It may be that I find this to be so funny because I am sure that it is true.
I have a friend who works for the Ontario govt. She assesses applications for govt assistance for the handicapped. She was telling me about a woman with an autistic teenager.
The mother, lets call her Svetlana, heads off to work like any other day leaving her son, Walter?, at home. Nothing unusual there. Walter, a big strappin lad, has some chores and studies to attend to but he is a big LOTR fan and is prone to turning on the movie and neglecting his obligations.
Svetlana calls home at lunch to see how things are going.
Hello Walter. Did you feed the cat? Have you finished your math?
I have a hobbit replies Walter.
Now Walter turn off the movie and do your chores
OK mom but I have a hobbit says Walter with conviction.
Alright dear, I will call back in a few hours to make sure you have done your work.
True to her word Svetlana checks in mid afternoon and gets much the same. I have a hobbit mom.
Allright, I will be home in a bit. Please finish your studies. Svetlana doesnt think much of it as she often misunderstands what Walter is trying to say. The day wears on and finally Svetlana arrives home again.
I have a hobbit mom! I have a hobbit! Walter repeats excitedly as he greets her at the door. From inside the house Svetlana can hear banging and shouting.
What on earth is going on? she says heading for the sound. Svetlana arrives at Walters bedroom closet to find it barricaded with the dresser.

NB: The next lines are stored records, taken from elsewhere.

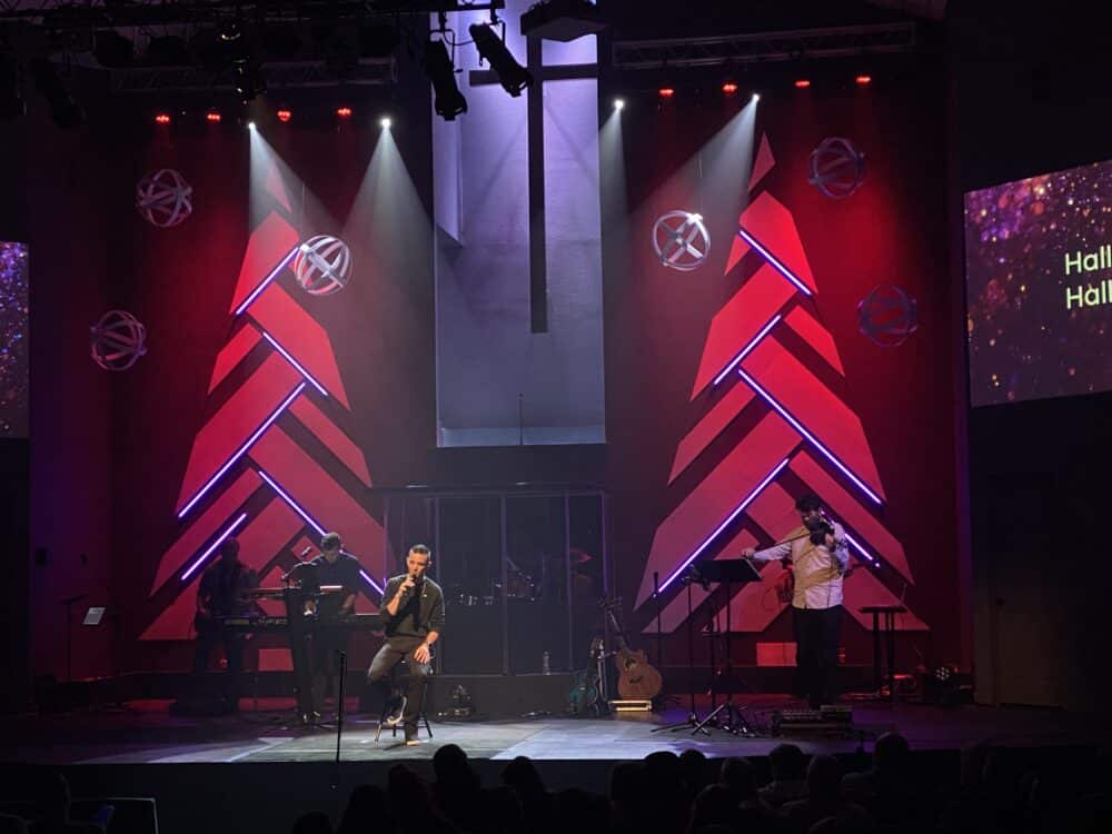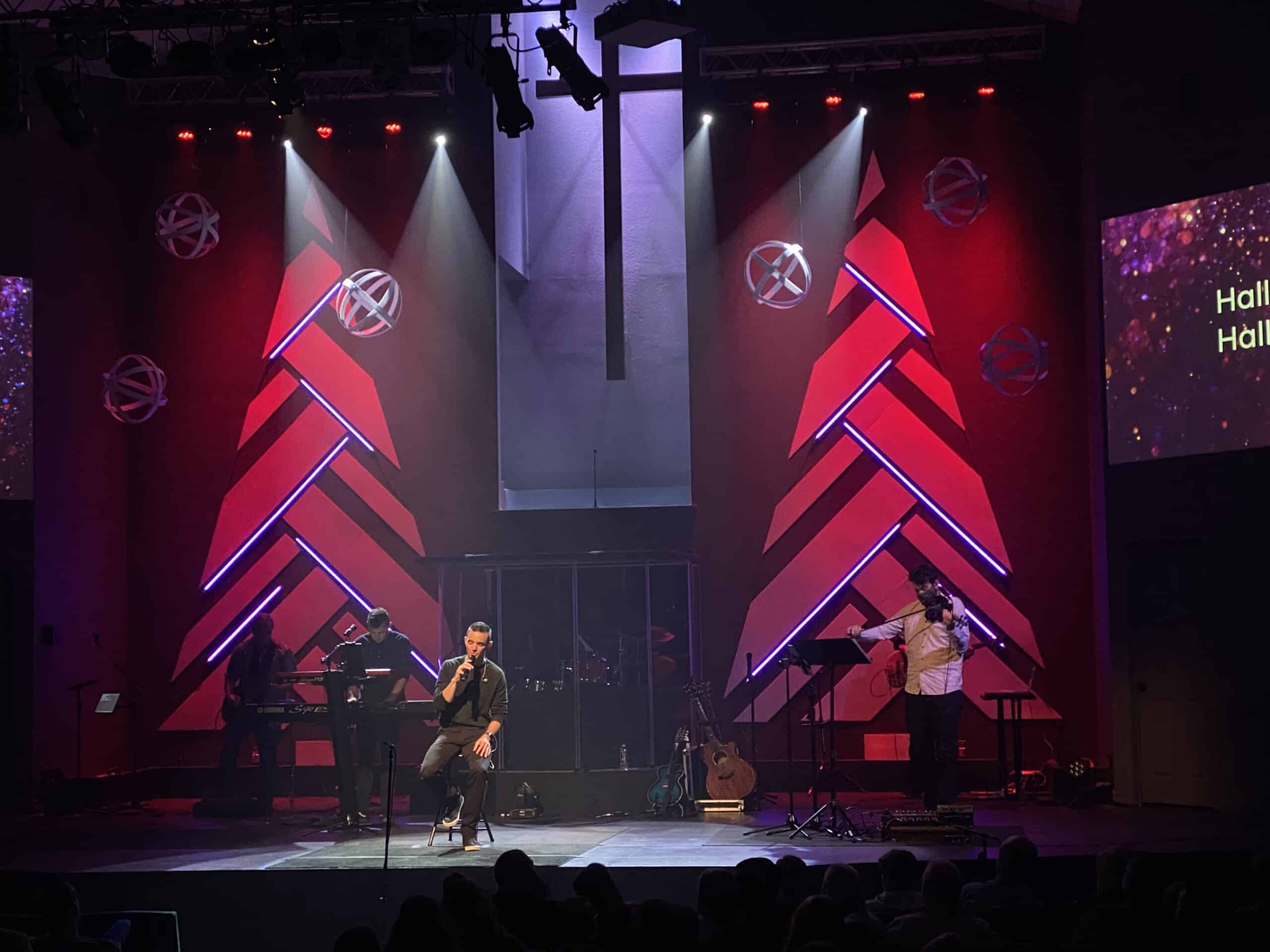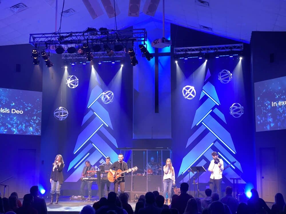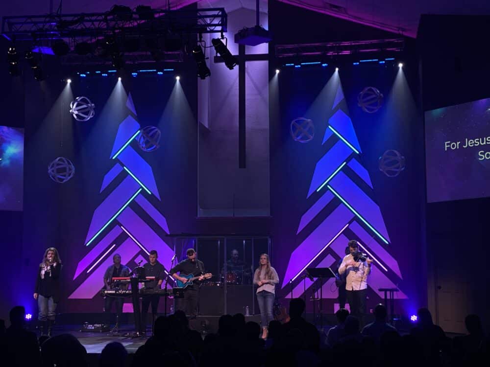 We felt like there was too much open space at the top so we added hanging “ornaments” to fill in the space and add depth to the design. The ornaments were 2′ in diameter and were made with 2″ strips of Coroplast. We assembled them with nylon hardware (bolts and wingnuts). We hung them from different points and different angles on the ornaments to give them all a different feel/look. We also hung them at different distances from the wall to give more depth. We then used a couple of wash intimidators to light them. A couple of lessons learned with these: We had seen others do the ornament design and many appeared to be larger in diameter. With the thickness and width strips we used, we found that any larger than the 2′ diameter started warping and distorting. Also, we cut some 1.5″ x 5″ pieces of Coroplast to “bracket” each connection where our strips came together. This helped to reinforce the connection and keep the shape more true and consistent.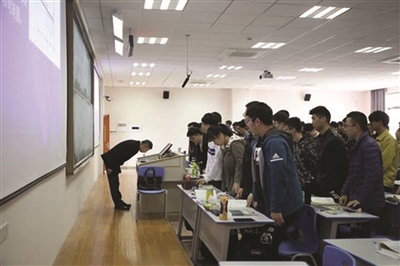 对于上课礼,陈建平是这样解释的,“一是体现师生的相互尊重,同学起立,老师鞠躬,营造的是师生平等的课堂氛围、温文尔雅的校园文化。二是善意提醒同学,让他们尽快进入上课的角色,将‘精、气、神’调整到最佳状态。三是敦促教师,要敬畏课堂,排除杂念,全身心投入教学。”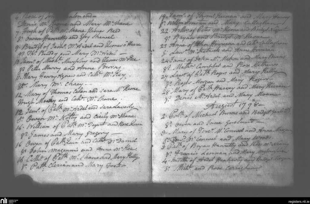 Creggan Upper; County of Armagh, Louth; Archdiocese of Armagh. Baptisms, July 1798 to Aug. 1798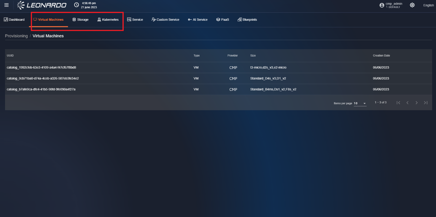 Using the tabs in the console's provisioning functionality, you can view lists of provisionable resources, such as Virtual Machines, Storage, and Kubernetes.
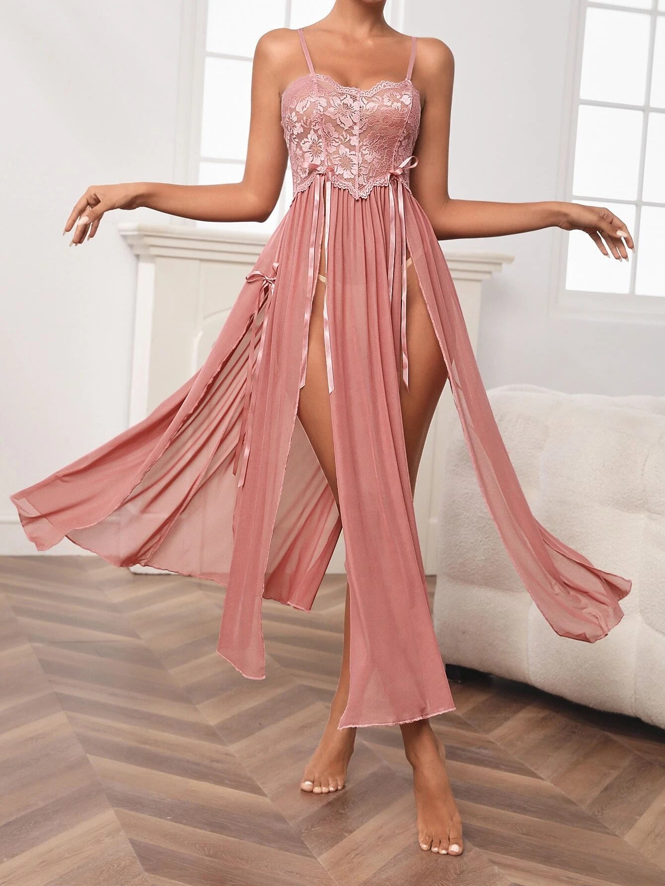 Transparan Dantelli Yırtmaçlı Elbise & Külot Takımı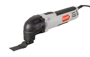Многофункциональный инструмент оснащен качественным двигателем с увеличенным ресурсом. Охлаждение механизма обеспечивается через вентиляционные отверстия в корпусе. На рукоятке корпуса имеется регулятор скорости колебаний, с помощью которого данный показатель можно менять в диапазоне от 13000 до 22000 в мин. Угол колебаний составляет 3 градуса. Устройство легко может распилить или разрезать дерево, плитку, пластик, гипс, цветной металл. В комплект входят шестигранный ключ и 7 различных насадок, которые крепятся на OIS-соединение. Комплект уложен в удобный пластиковый кейс. При бытовом использовании инструмента предоставляется увеличенная гарантия.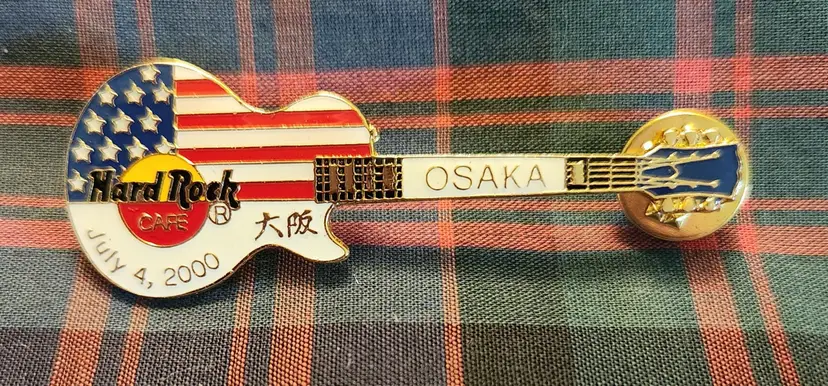 HRC Osaka 4th of July 2000 2 flags guitar pin. No original packaging available. See photos for details.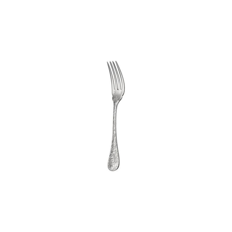 Christofle Jardin D'Eden forchetta dolce La forchetta dolce in lega argentata nel modello Jardin D'Eden ha un bordo largo progettato appositamente per il taglio di torta e torta sul piatto. L'intricato modello verdeggiante del designer Marcel Wanders è caratterizzato da intrecci di viti, piante e fiori e prende il nome dal giardino più famoso della storia. MATERIALE • Lega argentata DIMENSIONI •: 16 cm

Who is in the closet? Move this dresser at once. Svetlana orders and Walter complies. I have a hobbit.
Svetlana opens the closet door to find a midget, on his knees, dressed in a black suit, holding a bible and a Jehovahs Witness pamphlet.
Afterwards, in a sweeping gesture of karmic equilibrium, the local chapter of JWs apologized profusely to Svetlana and Walter and the pint sized proselytizer was reprimanded for attempting solo conversions.